Luwr od lat konsekwentnie odmawia, słysząc prośby o wypożyczenie Mony Lisy. Odwzajemnić jej uśmiech, spojrzeć w oczy czy przestudiować pejzaż rozpościerający się za jej plecami możemy tylko w Paryżu. Permanentna niezgoda na wypożyczenie dzieła nie zraża niektórych przed snuciem marzeń o podróży Giocondy do Florencji czy Krakowa.

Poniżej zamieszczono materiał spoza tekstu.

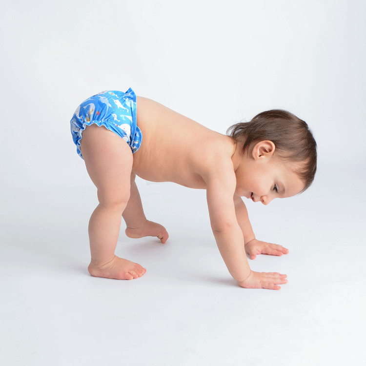 Contrairement aux maillots couches jetables, le maillot-couche taille unique lavable Applecheeks ne laisse pas passer les selles dans les piscines. Les selles restent DANS la couche et HORS de l’eau !

Ale nawet karta przetargowa „Leonardo za Leonarda”, wyciągnięta z rękawa ministra Glińskiego, nie złamała do tej pory dyrektora największego muzeum na świecie.
W przeciwieństwie do Mony Lisy nasza Dama z gronostajem (zwyczajowo: Dama z łasiczką) to istna obieżyświatka. „Portret tej dziewczyny co najmniej trzydzieści razy zmieniał miejsce pobytu, przewożony w jukach konnego posłańca, karetą, ładowną bryką, pociągiem, samochodem, samolotem, promem – niekiedy niesiony pod pachą”, pisał Marek Rostworowski, wieloletni kustosz Muzeum Czartoryskich. Odkąd padły te słowa, tak dama, jak i „łasiczka” opuszczały swoją krakowską siedzibę jeszcze wiele razy.
Współpraca między muzeami, galeriami i innymi podmiotami działającymi w obszarze kultury pozwala na organizowanie przekrojowych wystaw oraz prezentowanie publiczności dzieł, które bez networkingu nie miałyby szansy zaistnieć w jednej przestrzeni. W najbliższym czasie w polskich instytucjach zobaczymy wiele ekspozycji będących wynikiem tego typu działań. Na wystawę „Polski mężczyzna” Muzeum w Narodowe w Kielcach wypożyczyło 123 prace z 13 nadwiślańskich placówek muzealnych. Partnerską relację ze stołeczną galerią Leto nawiązała Galeria Miejska we Wrocławiu, przygotowując wystawę „Danse macabre” Wojciecha Ireneusza Sobczyka.
Ekspozycja „Glasstress” w Państwowej Galerii Sztuki w Sopocie jest efektem szeroko zakrojonej współpracy międzynarodowej.